▸ **DESCRIPTION OF THE TASK**: All lines from the one containing "Foute party t-shirt" through the final line of the listing below, and no others, must be returned exactly; no pictures belong in the copy.

▸ **EXTRACTED RECORDS**:
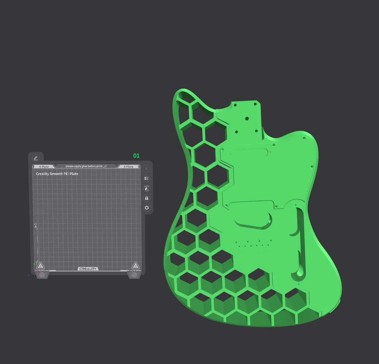 Thân đàn guitar Prusacaster cắt nhỏ cho máy in Creality K1 và K1C
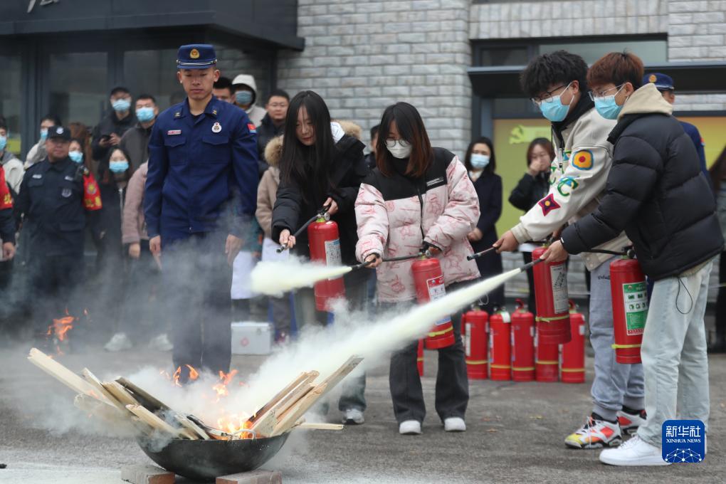 11月8日,沈陽(yáng)工學(xué)院學(xué)生演練使用滅火器。
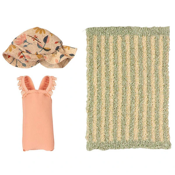 With this beach set for the Maileg big sister mouse, consisting of a bathing suit, sun hat and a beach towel, your Maileg mouse is completely ready for summer and a refreshing dip in the pool or the sea!
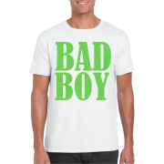 Foute party t-shirt voor heren in de kleur wit met glitterbedrukking in de kleur groen. Het t-shirt is bedrukt met de tekst: Bad Boy. Ga jij binnenkort naar een foute party, carnaval of…
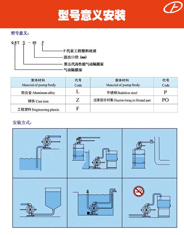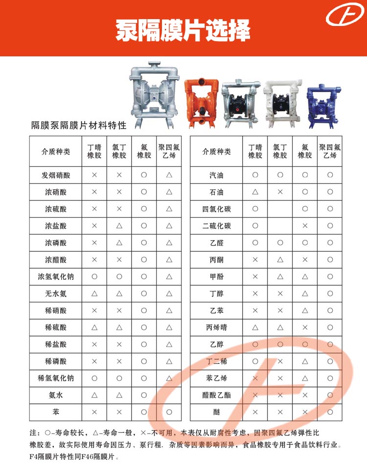 流體部件材質(zhì)有:鋁合金、鑄鐵、聚丙烯、不銹鋼、隔膜根據(jù)不同膜片材質(zhì)分別有:丁晴橡膠、氯丁橡膠、聚乙烯、聚膠、聚醚橡膠、氟橡膠、氟塑料、特氟隆。以滿足不同液體介質(zhì)的需要。

▸ **WRITTEN SOLUTION**:
 Foute party t-shirt voor heren in de kleur wit met glitterbedrukking in de kleur groen. Het t-shirt is bedrukt met de tekst: Bad Boy. Ga jij binnenkort naar een foute party, carnaval of…
 流體部件材質(zhì)有:鋁合金、鑄鐵、聚丙烯、不銹鋼、隔膜根據(jù)不同膜片材質(zhì)分別有:丁晴橡膠、氯丁橡膠、聚乙烯、聚膠、聚醚橡膠、氟橡膠、氟塑料、特氟隆。以滿足不同液體介質(zhì)的需要。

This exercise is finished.